Action item: In the copy, include all of the listing exactly and none of its pictures.

Stored data:
————

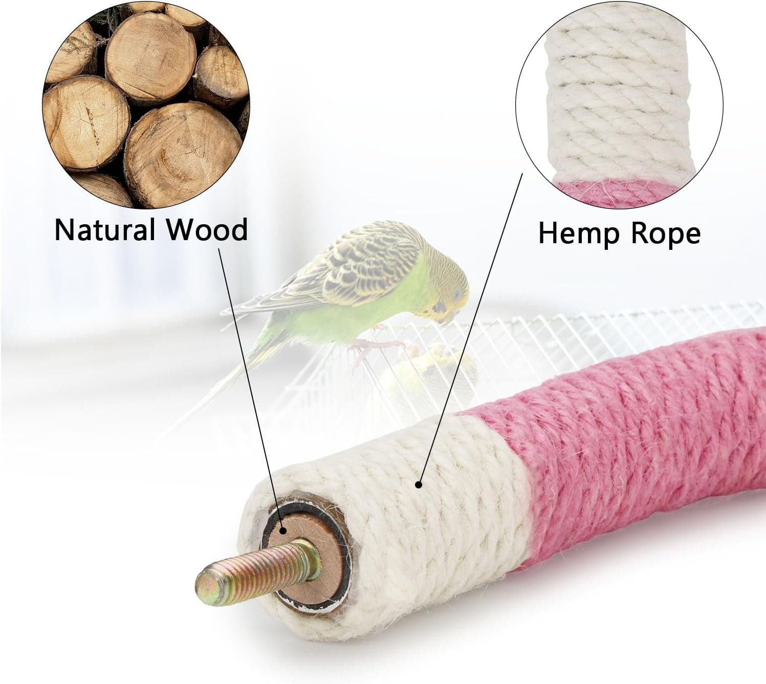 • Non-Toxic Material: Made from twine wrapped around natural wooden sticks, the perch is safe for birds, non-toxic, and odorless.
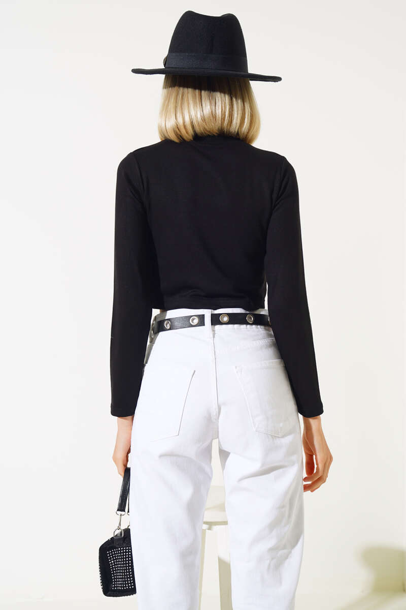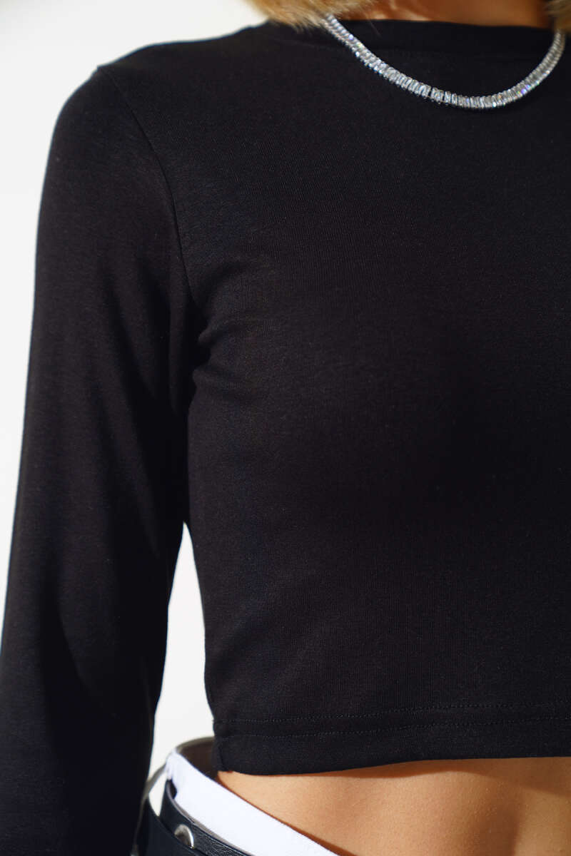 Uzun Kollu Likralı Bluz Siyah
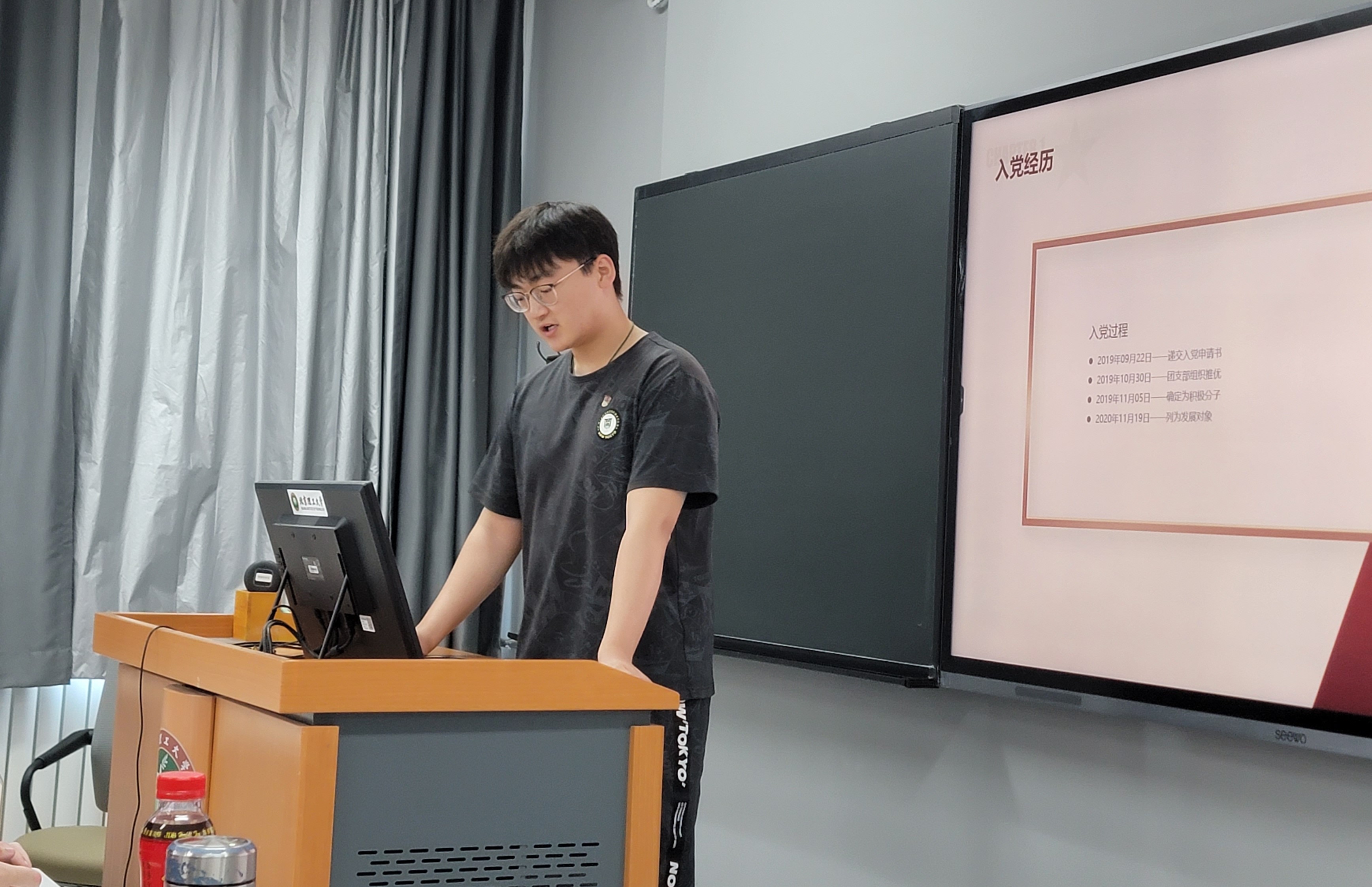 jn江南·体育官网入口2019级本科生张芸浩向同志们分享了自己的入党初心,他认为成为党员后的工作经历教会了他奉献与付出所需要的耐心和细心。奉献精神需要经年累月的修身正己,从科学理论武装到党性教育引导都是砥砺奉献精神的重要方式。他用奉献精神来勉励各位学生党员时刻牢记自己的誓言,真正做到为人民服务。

————

Exercise result:
 • Non-Toxic Material: Made from twine wrapped around natural wooden sticks, the perch is safe for birds, non-toxic, and odorless.
 Uzun Kollu Likralı Bluz Siyah
 jn江南·体育官网入口2019级本科生张芸浩向同志们分享了自己的入党初心,他认为成为党员后的工作经历教会了他奉献与付出所需要的耐心和细心。奉献精神需要经年累月的修身正己,从科学理论武装到党性教育引导都是砥砺奉献精神的重要方式。他用奉献精神来勉励各位学生党员时刻牢记自己的誓言,真正做到为人民服务。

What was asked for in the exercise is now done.